Former Guantanamo Inmate Reportedly Killed in Nalchik Shootout
Publication: North Caucasus Weekly Volume: 8 Issue: 26
The Federal Security Service (FSB) said in a statement that Ruslan Odizhev, a former inmate at the U.S. detention facility in Guantanamo Bay, Cuba, was killed on June 27 in a shootout with security agents in Kabardino-Balkaria, the Associated Press reported. According to the FSB, Odizhev was killed amid gunfire that erupted when agents tried to arrest him and another man. The agency also stated that Odizhev was a suspect in the 1999 apartment bombings in Moscow and Volgodonsk and that he took part in a 2005 attack on police and government facilities in Nalchik, Kabardino-Balkaria’s capital, which left 139 people dead, including 94 militants. The FSB called Odizhev the “spiritual leader” of the Yarmuk underground armed Islamist group. According to the AP, the regional prosecutor’s office said Odizhev was killed in Nalchik and that three homemade explosive devices were found on his body, and that he and a rebel named Anzor Tengizov were cornered by agents in the courtyard of an apartment building across the street from a mosque in the central part of the city. As the news agency noted, Odizhev was one of seven Russians released from Guantanamo Bay in 2004, and his whereabouts had recently been unknown. In March, Human Rights Watch charged that the seven had been tortured or harassed and abused by law enforcement agents since their return. One of them, Rasul Kudaev, is in custody in Nalchik on charges of participating in the 2005 attack.

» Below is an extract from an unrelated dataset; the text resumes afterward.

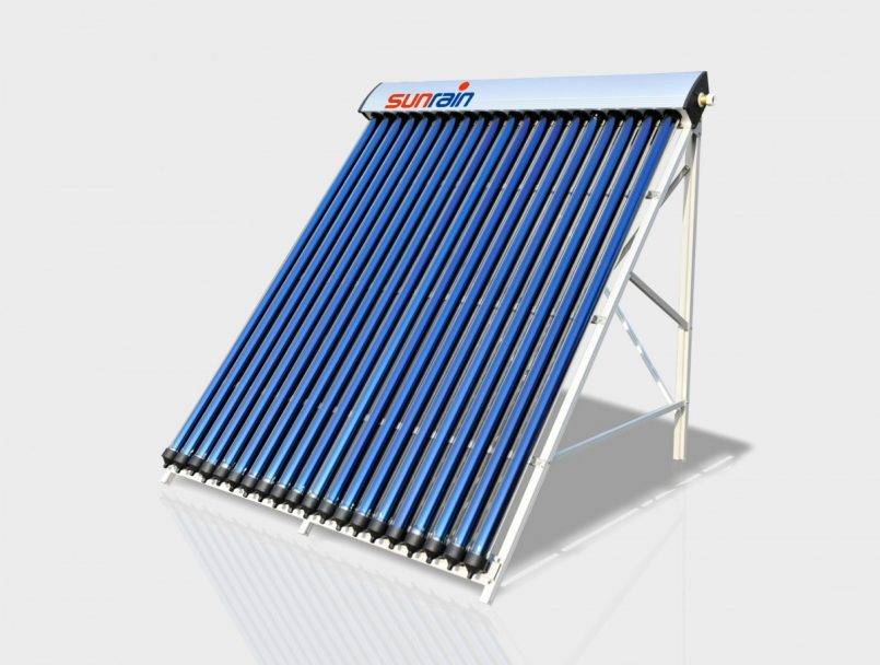Вакуумный солнечный коллектор состоит из вакуумных трубок. Наружная часть трубки прозрачная, а на внутреннюю наносят покрытие (высокоселективное) улавливающее солнечную энергию. В расстояние между трубками закачивают вакуум. В качестве проводника тепла используют тепловые трубки, наполненные жидкостью и объединённые в общий контур. Также в контур включается циркуляционный насос и бак аккумулятора. Бак представляет собой емкость, заполняемую жидкостью в котором находится теплообменник.
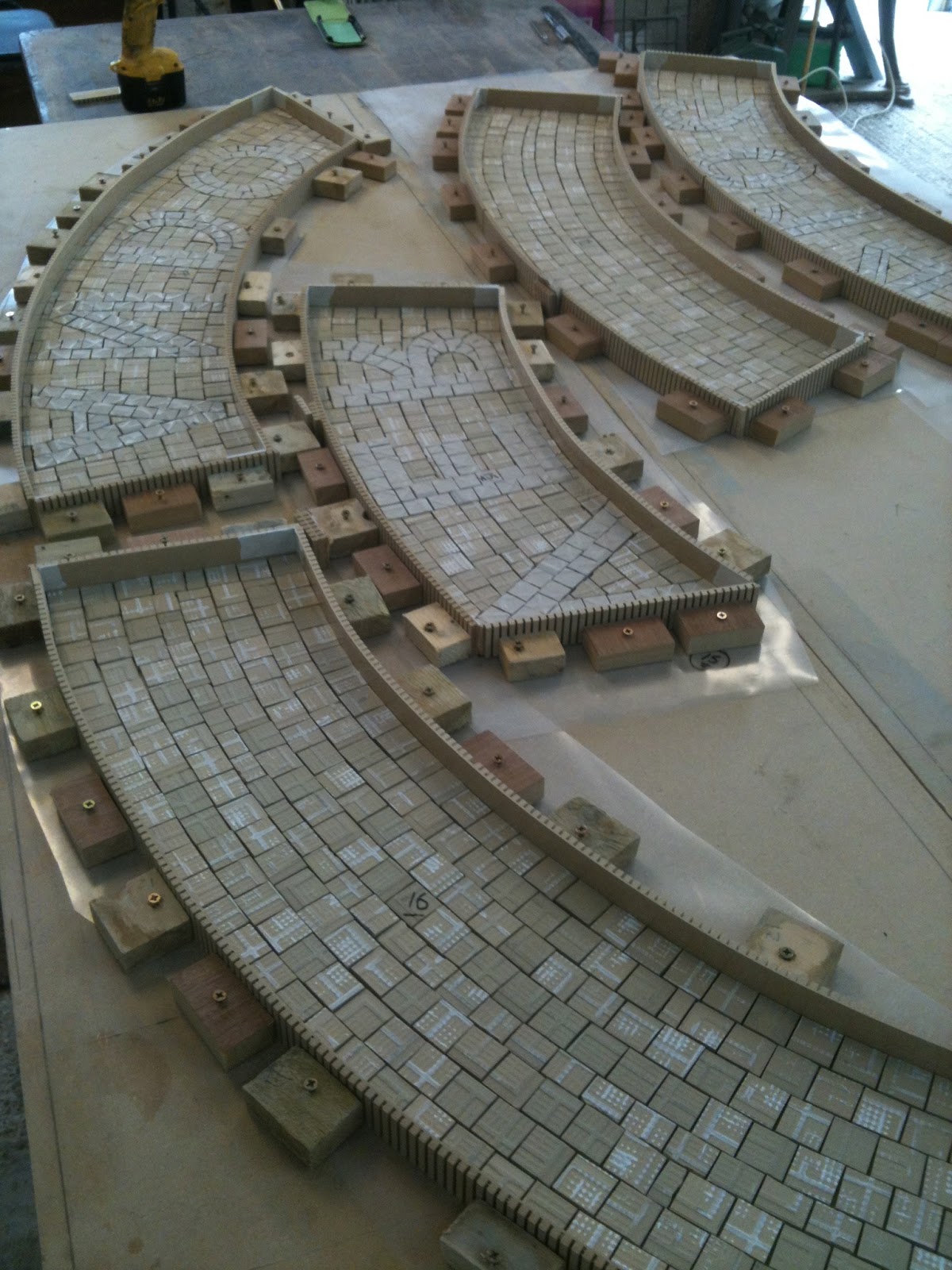 And the rather architectural moulds below are 5 of a total of 17 mosaic castings that will form the emblem of the Andover Rotary Club for a performance space in Vigo Park, Andover.

Kavkazky Uzel, however, raised doubts about the FSB’s claims that Odizhev was a member of Yarmuk and involved in the apartment building bombings in Moscow and Volgodonsk. The website noted on June 28 that Yarmuk was a small group, consisting of no more than 20 people, and existed between November 2002 and April 2005, when it was essentially destroyed. During that period, however, Odizhev was in Guantanamo, from where he was sent back to Russia in February 2004. Kavkazky Uzel noted that Odizhev had not been accused earlier of involvement in the 1999 apartment building bombings in Moscow and Volgodonsk, even though he spent several months in a prison in Pyatigorsk after being sent back to Russia from Guantanamo. Indeed, the prosecutor’s office of the Southern Federal District subsequently ordered Odizhev and Kudaev freed after their return to Russia on the grounds that they had committed no crimes despite being captured and jailed by U.S.-led coalition forces in Afghanistan. According to Kavkazky Uzel, Odizhev was close to the ideologue of the Kabardino-Balkaria jamaat, Anzor Astemirov, and did play a key role in the October 13, 2005 militant attack in Nalchik.